Is Australia’s Department of Defence one big beast or a herd of beasts? Is the Oz military a single tribe or a bunch of tribes?
The questions matter in many ways, not least because the nature of the instrument says much about the purposes it can be used for. The means you create express the ends you intend.
The Old Testament view of Australian defence dealt in plurality. The New Testament seeks singularity. The New and Old Testament understandings both contend and combine.
The Old Testament prophet of Australian defence presided over a herd. An alliance–expeditionary culture meant different service tribes could be sent off individually to work with allied forces under foreign command.
The New Testament prophet of Australian defence united the tribes and proclaimed them one. The herd would be transformed into a single big beast to defend the land of Oz.
The Old Testament prophet was Sir Frederick Shedden, who headed the Defence Department for 19 years, from 1937 to 1956.
The New Testament prophet was Sir Arthur Tange, secretary of the Department of External Affairs from 1954 to 1965, and secretary of Defence from 1970 to 1979.
Talking the other day to a university class studying national security, I mentioned Tange. Noting a rather glazed look on students’ faces, I asked how many had ever heard of Sir Arthur. Alas, only 10% of the class knew of one of the greatest Australian public servants of the 20th century.
’Twas ever thus, but a useful reminder of the need to retell and refresh origin stories. So, last week’s column on the difficult relationship between ministers and the Defence Department leads to this meditation on the different covenants of Shedden and Tange.
Shedden was a tough, shrewd operator who spent his whole career at Victoria barracks in Melbourne (refusing to move to Canberra). Shedden’s biographer, David Horner, cites a description of Shedden as a powerful personality who was ‘ruthless with those who crossed him, and devastating with those … who could not rise to his exceptional standards of performance’.
Exactly the same description applied to Tange. These prophets both had steel at their core, fine administrators always ready for a turf war.
As a superb bureaucrat, Shedden recorded his life on paper. Horner was able to write Defence supremo based on Shedden’s files (2,400 boxes of material) and the 2,400 typed pages of Shedden’s unpublished history of Australian defence policy from 1901 to 1945.
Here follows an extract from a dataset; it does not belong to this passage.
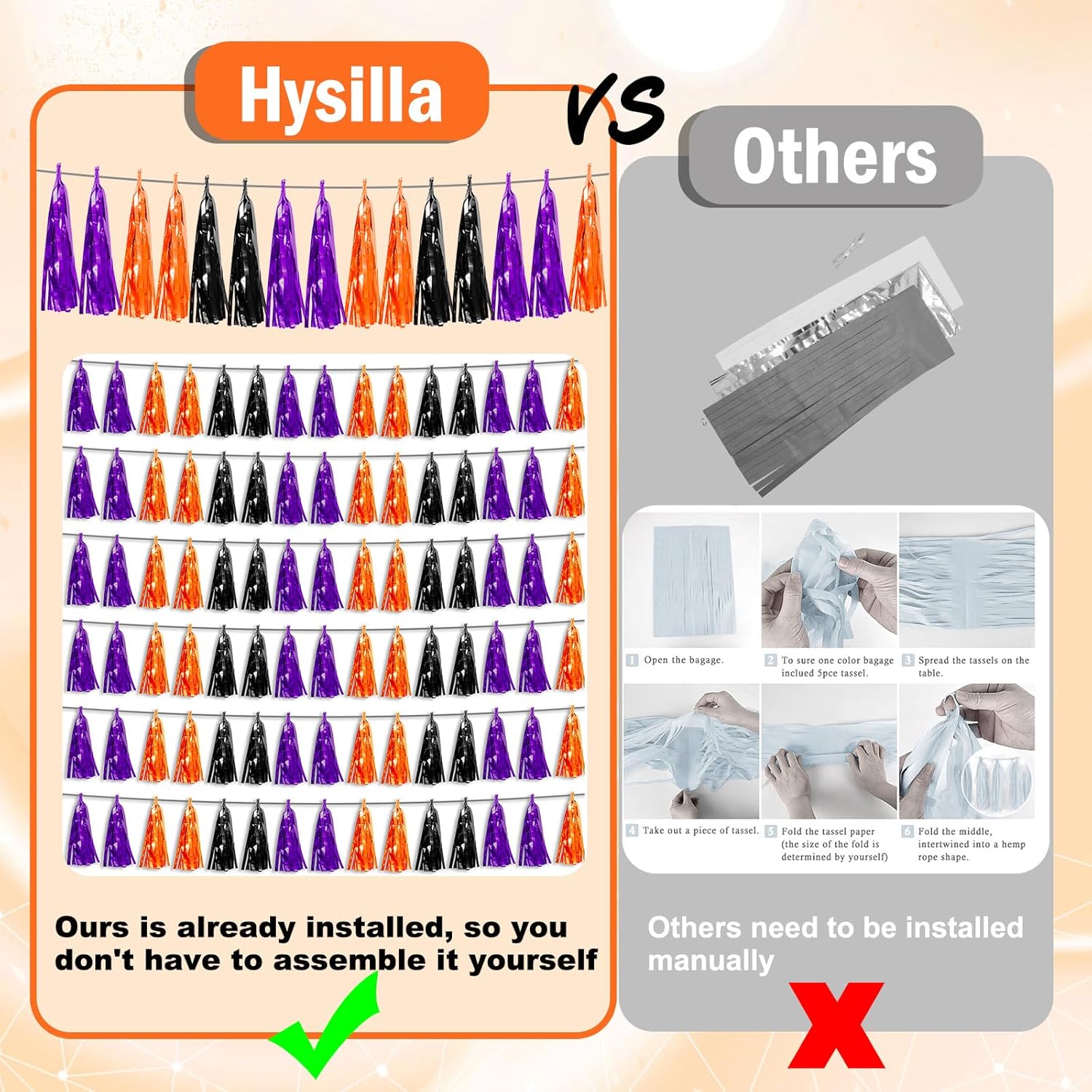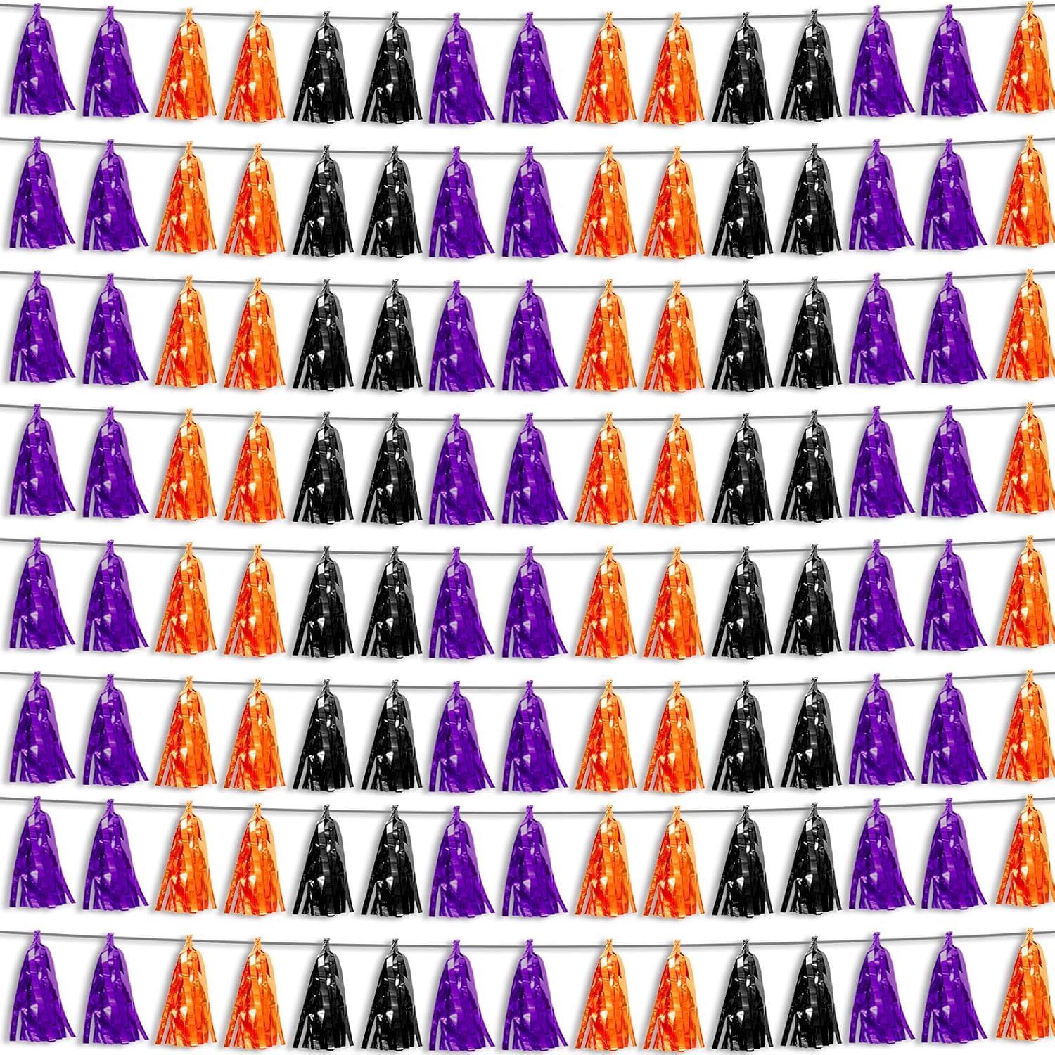- 【Purple Black 0range Party Supplies Set】: The total length of the Purple Black 0range birthday tassels banner is 78.7 feet 120tassels, divided into 8 strips, each 9.8 feet long. Each banner contains 15 tassels, and each tassel measures 14 inches, for birthday decorations many occasions, and so on
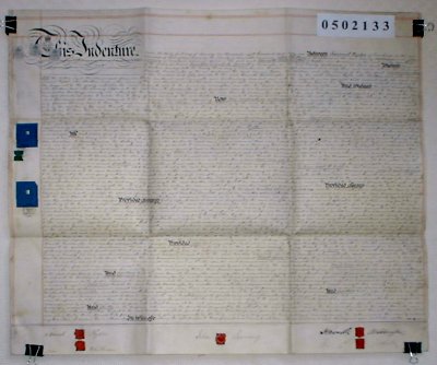 | Parchment : 1 sheet 75cm x 63cm with 5 wax seals and signatures and embossed stamps. | |||||||||||

Away from his desk, Shedden was adrift.
John Edwards describes Shedden’s ill humour when sailing with Prime Minister John Curtin to the US in 1944:
The voyage across the Pacific to San Francisco took two weeks. Separated from his files, from his department, from his independence and authority as the bureaucratic overlord of the national war effort, Shedden was morose. Files were knowledge, and knowledge was power. A habitual note taker, he was suddenly bereft of content.
As a fine example of his times, Shedden was a British Empire man. Dividing the Oz defence tribes wasn’t merely a means for him to rule, but preparation for the dispatch of individual elements to serve under British command. Even after the turn to the US in World War II, Shedden’ s vision was to bring back the Brits—even resurrect a naval strategy based on Singapore.
By the end of Shedden’s reign, as Horner writes, Prime Minister Robert Menzies thought that the problem with defence was ‘the dead hand of Fred Shedden’.
Arthur Tange’s New Testament overthrew much Shedden had made and carefully minuted.
Tange killed off four separate institutions, the departments of Army, Navy, Air Force and Supply (each with a separate minister), and merged them into a single defence department; he created the diarchy and resurrected the term Australian Defence Force.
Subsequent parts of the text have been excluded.